Mark Dow

The connection between thermodynamic entropy and information

"Gain in entropy always means loss of information, and nothing more."  Gilbert N. Lewis
"Information is just known entropy. Entropy is just unknown information."  Michael P. Frank, in  "Physical limits of Computing"
"More bullshit has been written about entropy than about any other physical quantity." David Beeman

    The bottom line is that thermodynamic entropy is best understood not as a property or macroscopic state of matter (like mass, temperature, or pressure), but as a lack of knowledge of the detailed configuration of matter. In particular, thermodynamic entropy is a measure of our lack of information about the micro-state of a closed system of matter at equilibrium. To make this concrete, I'll compare two similar simple systems, one of particles and one of bits. Although the concept of entropy in classical thermodynamics was elucidated long before information theory was developed, thermodynamic entropy can be viewed as a straight-forward application of information theory to a physical problem.

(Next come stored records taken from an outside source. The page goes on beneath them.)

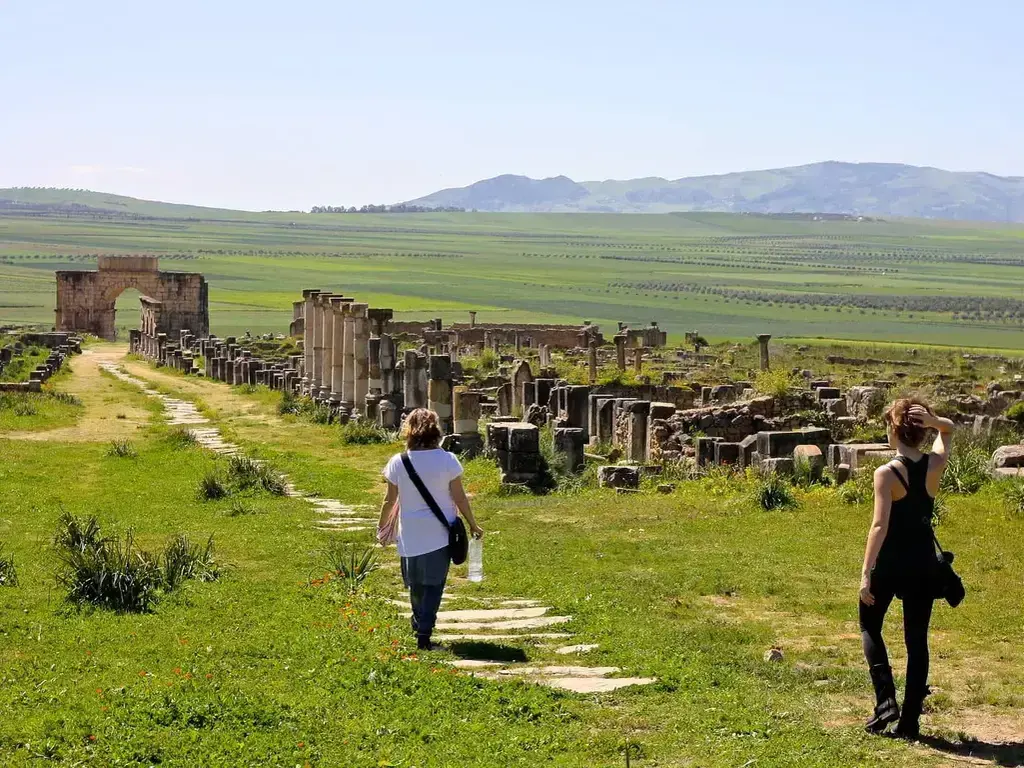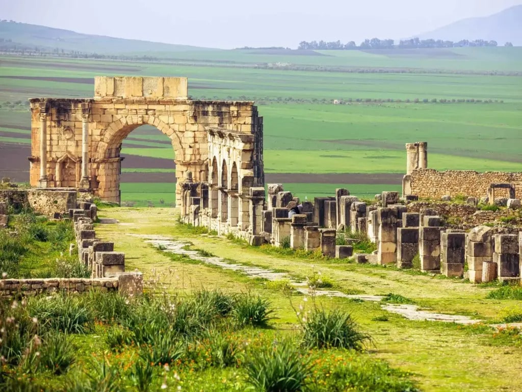 Following breakfast at your place of accommodation, we depart the blue city and journey through the region's breathtaking scenery. Until we arrive at Ouazzane, which is home to some of Morocco's greatest honey and figs, we pass fields of wheat, wildflowers, and traditional metal-roofed homes. A tour to the Roman Ruins of Volubilis, a UNESCO site, comes next. There are several streets, buildings, columns, mosaics, and a massive doorway among the extensive excavations. This significant city, which was first established in 225 BC, offers a fascinating window into Roman life in the area. You will discover all about its significance and history with your guide. We then travel to the imperial city of Meknes, which was established as a military settlement by the Almoravides dynasty in the eleventh century and developed into a metropolis under Sultan Moulay Ismail in the seventeenth century. With the construction of the huge Bab Mansour, the ramparts, the granary, the Sahrij Swani Basin for cultivation and water storage, and a gate of elaborate mosaic, or Zellige, he brought a Hispano-Moorish architectural style. After touring the stunning city of Meknes, we continue on to Fes, the spiritual capital, where we spend the night with breakfast at a hotel, riad, or guest house.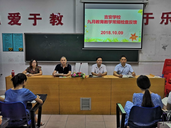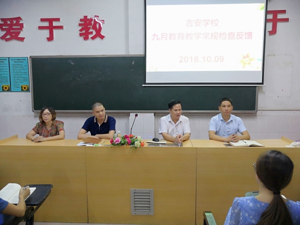 為強化教育教學常規(guī)管理,保證良好的教學秩序,確保教學常規(guī)穩(wěn)步推進,有效地提高教育教學質(zhì)量。10月9日晚上吉安學校在韋志海校長主持下召開了九月份的教育教學常規(guī)檢查反饋會議。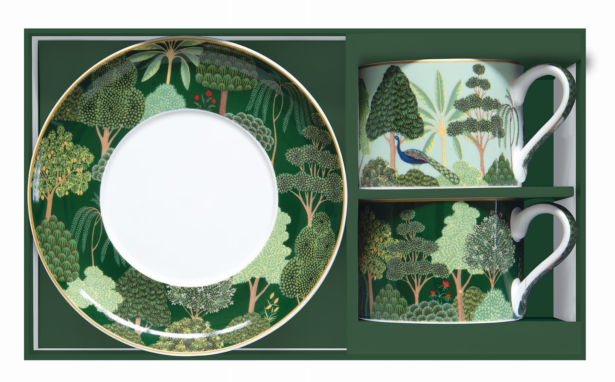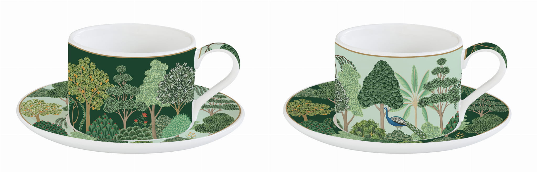 Każda filiżanka zachwyca detalicznym nadrukiem przedstawiającym bujną roślinność, drzewa i egzotyczne ptaki, a głęboka zieleń i subtelne złocenia dodają elegancji i głębi kompozycji. Wykonane z wysokogatunkowej porcelany, filiżanki o pojemności 240 ml doskonale nadają się do serwowania kawy, herbaty, cappuccino czy gorącej czekolady.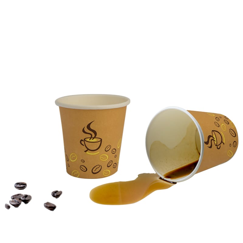 I bicchieri da 75ml in carta, di colore Avana con Grafica Chicco di Caffè monouso, sono realizzati in cartoncino di pura cellulosa di altissima qualità accoppiato a caldo con un sottile film in PLA, adatti per bevande calde ma anche fredde.

    There are many other fine discussions of this topic, but few that strip it down to a simple example. I have strayed slightly from some common conventions (e.g.  I use "micro-state" instead of "microstate", for emphasis), and suppress a range of worthwhile elaborations. A more in-depth, but more technical, discussion of the same topic is at Entropy in thermodynamics and information theory. But this article and others have the same bottom line, with only a variation of language:

"....it should be remembered that Gibb's statistical mechanical entropy is only one application of information theory to physical systems, relevant when the particular 'message' not yet communicated is the underlying microstate of the physical system."

An good diagram illustrating this idea of "physical information" is in M. P. Franks paper "Physical limits of Computing".

Background:
What are particles and bits?
What the heck is "log", and what does it have to do with this topic?

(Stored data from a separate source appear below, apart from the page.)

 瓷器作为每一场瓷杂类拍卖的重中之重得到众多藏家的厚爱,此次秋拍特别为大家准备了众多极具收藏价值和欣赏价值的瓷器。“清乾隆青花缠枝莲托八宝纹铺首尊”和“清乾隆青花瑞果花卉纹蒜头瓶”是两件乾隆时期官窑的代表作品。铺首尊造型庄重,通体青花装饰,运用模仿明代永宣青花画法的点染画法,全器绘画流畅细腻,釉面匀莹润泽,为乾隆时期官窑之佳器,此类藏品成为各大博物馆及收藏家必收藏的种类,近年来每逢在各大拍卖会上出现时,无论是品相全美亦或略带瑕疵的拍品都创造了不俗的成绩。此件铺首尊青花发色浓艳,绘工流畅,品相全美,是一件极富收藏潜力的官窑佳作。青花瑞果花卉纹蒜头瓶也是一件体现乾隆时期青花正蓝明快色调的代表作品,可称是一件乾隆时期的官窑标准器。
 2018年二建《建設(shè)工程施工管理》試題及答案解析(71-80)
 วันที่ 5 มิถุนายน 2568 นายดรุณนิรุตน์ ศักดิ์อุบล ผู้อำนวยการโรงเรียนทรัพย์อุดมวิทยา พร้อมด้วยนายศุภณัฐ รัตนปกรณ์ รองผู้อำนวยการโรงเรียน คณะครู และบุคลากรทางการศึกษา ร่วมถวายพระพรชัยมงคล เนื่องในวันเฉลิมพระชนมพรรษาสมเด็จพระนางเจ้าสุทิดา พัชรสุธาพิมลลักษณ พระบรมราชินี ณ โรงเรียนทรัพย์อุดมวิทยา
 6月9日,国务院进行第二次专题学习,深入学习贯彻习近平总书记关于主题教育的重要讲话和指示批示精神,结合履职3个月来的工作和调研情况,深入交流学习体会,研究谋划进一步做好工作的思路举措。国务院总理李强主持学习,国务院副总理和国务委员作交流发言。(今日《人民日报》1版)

    Consider a perfectly insulated 2-D box of simple particles. The macro-state of an ideal gas can be specified by the total energy E, number of particles N and volume V. There are a large but finite number of possible micro-states that are all consistent with this system's single, and unchanging, macro-state:
particle ensemble
Ludwig Boltzmann's leap of imagination was that the number of possible micro-states, Ω, was finite, and in some sense a particle's state is discrete. But it wasn't until quantum mechanics was developed that this was clarified and shown to be strictly true.

Henri Poincairé and others showed that such a particle system would necessarily cycle through all possible micro-states, and that each would be visited with equal probability.

    Any one of these micro-state is equally likely to be the actual micro-state (near equilibrium) and we have no way of knowing which is the actual micro-state. This lack of information is not because we haven't examined the system closely; it reflects the inaccessibility of this information near equilibrium. But we can count how many micro-states are possible.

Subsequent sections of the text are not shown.